– У Верки днюха в субботу. Шашлык, все такое, в Мамонтовке. Приезжай.

Вадим почти согласился. Но тут Васька перегнул палку:

– Веркина подружка будет, краля, интеллигентная, как ты любишь.

Вадим смекнул, что к чему: очередная Верина попытка устроить его личную жизнь. Вадим решительно отказался: ему было тяжело находиться среди нормальных людей, нормальных женщин (Юля не в счет: это почти по работе), Вадим не считал себя нормальным и хорошим человеком не считал. Поэтому он не должен был веселиться, быть счастливым, он должен был до конца дней искупать свою бесконечную вину неустроенностью, несчастностью и служением другим потерянным душам.

После двух отказов, чтобы окончательно не обидеть друга, ему пришлось «развидеть», как Василий в комплекте с непомерными чаевыми и раздевающими взглядами передал официантке Шуре свою визитку.

                                         * * *

В тот летний день старлею Вадиму исполнилось двадцать три. Не так он хотел бы отметить свою днюху: уже неделю назад он припер огромную бутыль самогона, а Васька привел в часть барана и договорился с дагом Исмаилом забить и освежевать и с поваром Киром о грандиозном ужине в честь друга, на который были приглашены все значимые персонажи их части, включая ненавистного зама по тылу и, конечно, медсестрички Галя, Тереза и Маша из расположенного в их части медсанбата. Девушки «не давали», даже страшненькая Тереза, но помечтать-то можно было рядом с ними, мимолетно коснуться женской плоти, услышать смех Гали колокольцем или восхищенные ахи Маши. Боев не было уже две недели, место дислокации части было удачным: никаких сел поблизости, никаких высоток, с которых можно открыть огонь, когда-то здесь в поле была тракторная мастерская, а теперь стояла их часть со своим источником воды, что очень важно: в деревне, например, источник не мог быть отравлен, зато от каждого мальчишки чуть выше стола можно было получить пулю. А в отдельных частях колодец – постоянный источник опасности, рядом с их колодцем с мутноватой водой командир их батальона Кротов даже выставил круглосуточный караул.

Вадим окончательно очнулся и понял, что невыносимо хочет пить. Тело болело: вчера, после захвата, его бесконечно били чехи: особенно усердствовал подросток лет пятнадцати с жидкой пародией на бородку (наверняка за отца бьет или за брата).
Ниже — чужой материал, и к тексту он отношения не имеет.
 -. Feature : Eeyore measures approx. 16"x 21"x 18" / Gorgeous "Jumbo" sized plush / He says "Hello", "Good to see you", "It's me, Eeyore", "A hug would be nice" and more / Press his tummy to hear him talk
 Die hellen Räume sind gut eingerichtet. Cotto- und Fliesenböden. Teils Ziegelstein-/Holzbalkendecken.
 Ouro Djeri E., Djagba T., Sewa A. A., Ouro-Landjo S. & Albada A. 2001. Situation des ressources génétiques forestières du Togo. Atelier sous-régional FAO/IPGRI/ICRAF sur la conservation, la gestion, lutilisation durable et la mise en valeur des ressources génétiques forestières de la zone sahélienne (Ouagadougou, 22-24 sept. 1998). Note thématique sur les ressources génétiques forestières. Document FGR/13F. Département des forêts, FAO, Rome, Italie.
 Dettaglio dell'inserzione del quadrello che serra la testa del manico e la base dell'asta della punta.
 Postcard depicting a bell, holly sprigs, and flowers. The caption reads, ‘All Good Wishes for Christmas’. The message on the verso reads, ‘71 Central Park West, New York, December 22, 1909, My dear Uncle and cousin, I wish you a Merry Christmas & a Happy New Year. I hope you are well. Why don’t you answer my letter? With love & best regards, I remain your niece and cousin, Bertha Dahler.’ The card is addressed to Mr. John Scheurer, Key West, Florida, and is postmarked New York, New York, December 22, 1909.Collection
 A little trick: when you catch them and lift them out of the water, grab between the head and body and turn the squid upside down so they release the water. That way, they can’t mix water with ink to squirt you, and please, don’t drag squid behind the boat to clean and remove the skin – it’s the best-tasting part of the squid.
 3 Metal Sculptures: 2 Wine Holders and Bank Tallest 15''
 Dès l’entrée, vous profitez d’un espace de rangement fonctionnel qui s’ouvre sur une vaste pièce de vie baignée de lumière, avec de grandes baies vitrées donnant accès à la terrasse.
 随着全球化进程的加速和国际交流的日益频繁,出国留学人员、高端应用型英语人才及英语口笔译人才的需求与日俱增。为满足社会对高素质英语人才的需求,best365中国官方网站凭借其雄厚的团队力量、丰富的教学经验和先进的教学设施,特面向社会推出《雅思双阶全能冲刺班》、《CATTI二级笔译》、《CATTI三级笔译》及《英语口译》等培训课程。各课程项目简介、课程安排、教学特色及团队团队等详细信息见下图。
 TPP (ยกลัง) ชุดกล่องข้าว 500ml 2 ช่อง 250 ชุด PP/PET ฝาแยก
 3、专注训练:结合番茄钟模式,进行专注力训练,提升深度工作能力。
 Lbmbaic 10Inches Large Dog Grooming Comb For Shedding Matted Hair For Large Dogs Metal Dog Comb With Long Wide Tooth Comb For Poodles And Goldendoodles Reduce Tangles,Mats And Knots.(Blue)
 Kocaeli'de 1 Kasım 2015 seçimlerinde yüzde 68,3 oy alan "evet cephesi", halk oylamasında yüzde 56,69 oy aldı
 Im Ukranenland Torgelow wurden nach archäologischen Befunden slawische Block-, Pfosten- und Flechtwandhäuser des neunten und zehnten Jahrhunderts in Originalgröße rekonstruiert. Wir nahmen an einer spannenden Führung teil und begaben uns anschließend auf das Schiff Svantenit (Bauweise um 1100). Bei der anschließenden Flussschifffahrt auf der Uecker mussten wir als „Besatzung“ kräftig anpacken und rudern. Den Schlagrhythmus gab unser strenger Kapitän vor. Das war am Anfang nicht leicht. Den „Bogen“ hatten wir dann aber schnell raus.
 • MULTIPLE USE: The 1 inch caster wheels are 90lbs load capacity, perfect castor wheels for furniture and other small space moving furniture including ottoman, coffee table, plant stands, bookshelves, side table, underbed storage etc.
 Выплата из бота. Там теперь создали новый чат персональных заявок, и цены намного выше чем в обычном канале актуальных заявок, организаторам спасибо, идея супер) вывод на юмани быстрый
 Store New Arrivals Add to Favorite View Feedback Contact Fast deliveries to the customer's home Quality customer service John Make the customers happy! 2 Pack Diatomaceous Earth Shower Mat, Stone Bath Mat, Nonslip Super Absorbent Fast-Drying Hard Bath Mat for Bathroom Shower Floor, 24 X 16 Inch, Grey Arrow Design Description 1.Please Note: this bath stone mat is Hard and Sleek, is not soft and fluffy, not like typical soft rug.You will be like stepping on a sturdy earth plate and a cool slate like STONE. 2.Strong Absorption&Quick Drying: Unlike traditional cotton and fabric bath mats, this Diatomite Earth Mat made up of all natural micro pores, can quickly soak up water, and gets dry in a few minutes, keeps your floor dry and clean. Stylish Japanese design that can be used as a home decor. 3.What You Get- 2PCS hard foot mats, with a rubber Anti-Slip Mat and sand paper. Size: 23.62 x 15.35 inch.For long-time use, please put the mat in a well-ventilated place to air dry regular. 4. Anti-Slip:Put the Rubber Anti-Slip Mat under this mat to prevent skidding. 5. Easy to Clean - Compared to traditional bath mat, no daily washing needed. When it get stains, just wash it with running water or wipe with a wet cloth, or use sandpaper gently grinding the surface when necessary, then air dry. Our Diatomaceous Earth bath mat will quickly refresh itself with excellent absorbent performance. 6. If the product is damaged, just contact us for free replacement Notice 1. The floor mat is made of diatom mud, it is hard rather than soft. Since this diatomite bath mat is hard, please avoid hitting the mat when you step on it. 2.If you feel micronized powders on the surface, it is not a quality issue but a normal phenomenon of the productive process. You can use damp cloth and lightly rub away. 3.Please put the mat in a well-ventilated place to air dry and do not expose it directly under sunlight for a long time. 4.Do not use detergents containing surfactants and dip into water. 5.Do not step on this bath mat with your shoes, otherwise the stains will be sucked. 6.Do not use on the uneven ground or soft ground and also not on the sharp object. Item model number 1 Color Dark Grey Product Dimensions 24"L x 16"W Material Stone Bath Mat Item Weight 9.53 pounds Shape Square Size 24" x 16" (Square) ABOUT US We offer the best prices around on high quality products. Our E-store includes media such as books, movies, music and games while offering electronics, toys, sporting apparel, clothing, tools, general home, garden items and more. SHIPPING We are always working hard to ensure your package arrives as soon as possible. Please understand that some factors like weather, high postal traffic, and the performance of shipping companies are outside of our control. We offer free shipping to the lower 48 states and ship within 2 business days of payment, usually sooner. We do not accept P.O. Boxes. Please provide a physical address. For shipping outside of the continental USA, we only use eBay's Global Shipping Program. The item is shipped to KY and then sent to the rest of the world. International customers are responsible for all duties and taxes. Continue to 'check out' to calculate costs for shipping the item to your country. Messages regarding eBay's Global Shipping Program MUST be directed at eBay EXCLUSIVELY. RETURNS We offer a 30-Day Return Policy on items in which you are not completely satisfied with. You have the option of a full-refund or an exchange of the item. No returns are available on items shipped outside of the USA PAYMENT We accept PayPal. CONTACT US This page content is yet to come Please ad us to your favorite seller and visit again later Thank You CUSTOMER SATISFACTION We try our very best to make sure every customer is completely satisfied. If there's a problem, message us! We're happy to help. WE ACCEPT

Старшие били по обязанности, можно сказать, по работе, а юнец – по страсти. Вадим закрывал лицо и голову, пытался свернуться в позу эмбриона, и удары приходились в позвоночник и почки. Он молился скромной молитвой:

– Господи, защити мои кости!

Вадим сплюнул небольшое количество слюны, там была запекшаяся кровь. «Отбили что-то, суки», – он вспомнил лютые удары подростка: «Только не селезенка…» С порванной селезенкой без операции бойцы умирали в течение суток-двух – этой «оптимистичной» информацией врачиха поделилась с ними, когда учила правильному обращению с ранами.

В помещении было темно, но, судя по лучам света, которые сочились из-под потолка сарая, в котором лежал Вадим со связанными ногами, адской болью во всем теле и в вонючих влажных штанах (не выдержал-таки мочевой пузырь), был день. Точно, полдень. Послышались монотонные звуки бормотания – молитвы и тупые удары коленей о землю: ваххабиты молились. «Скорее всего, я у Абу-Даровцев». Было известно, что в районе, где он был захвачен в плен, базировалась многочисленная лютая группировка, возглавляемая этим саудовским воином Аллаха. Скрипучая дверь сарая открылась вовнутрь, и в проеме появилась приземистая фигура. Свет заливал темный хлев, в котором на смеси грязи, сена и опилок валялся Вадим.